Mouledoux, Bland, Legrand & Brackett Members Mark E. Hanna and Trevor M. Cutaiar recently secured summary judgment on behalf of their client, a former Covington Police officer in an excessive force case.
Muthuswamy v. Liberto – Background
The case, Muthuswamy v. Liberto, et al., No. 19-112-WBV-DPC (E.D. La. 9/29/20), involved Covington police officers responding to a call involving a patron who was intoxicated outside of a bar in downtown Covington. During the course of the arrest, the plaintiff resisted the officers and was injured. The plaintiff was charged with resisting an officer and ultimately pleaded guilty. He later filed suit against the officers and the City of Covington, alleging excessive force in violation of his Fourth Amendment rights in connection with his arrest.
The Heck Bar
After limited discovery, a summary judgment motion was filed on behalf of the officer seeking dismissal on two grounds: (1) that plaintiff’s claim of excessive force was barred by the United States Supreme Court’s decision in Heck v. Humphrey, 512 U.S. 477, 114 S. Ct. 2364, 129 L.Ed.2d 383 (1994); and (2) that the officer was entitled to qualified immunity.

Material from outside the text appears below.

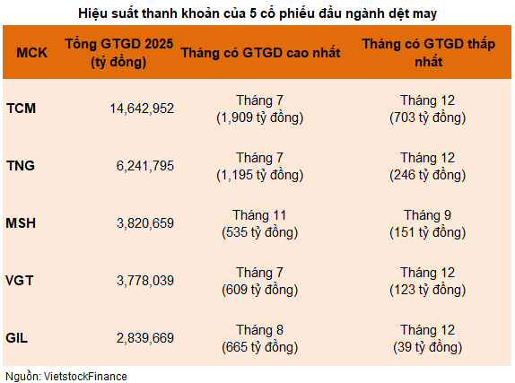 Thanh khoản ngành dệt may trong năm 2025 cho thấy dòng tiền mang tính tập trung cực cao, thay vì lan tỏa trên diện rộng. 5 mã dẫn dắt gồm TCM, TNG, VGT, GIL và MSH ghi nhận tổng giá trị giao dịch hơn 31,213 tỷ đồng, chiếm tới 92.3% tổng giá trị giao dịch toàn ngành.

The principle announced in Heck v. Humphrey—known as the Heck Bar—precludes civil claims where success on those claims would necessarily impugn a state criminal conviction which arose from the same underlying facts.
On September 29, 2020, District Judge Wendy B. Vitter granted the summary judgment motion, relying on the Heck Bar. Judge Vitter concluded that success on the plaintiff’s § 1983 claim would challenge the validity of his conviction for resisting an officer and was, therefore, barred by Heck v. Humphrey. The court did not reach the arguments on qualified immunity. Judge Vitter’s opinion granting the summary judgment motion is available at 2020 WL 5802425.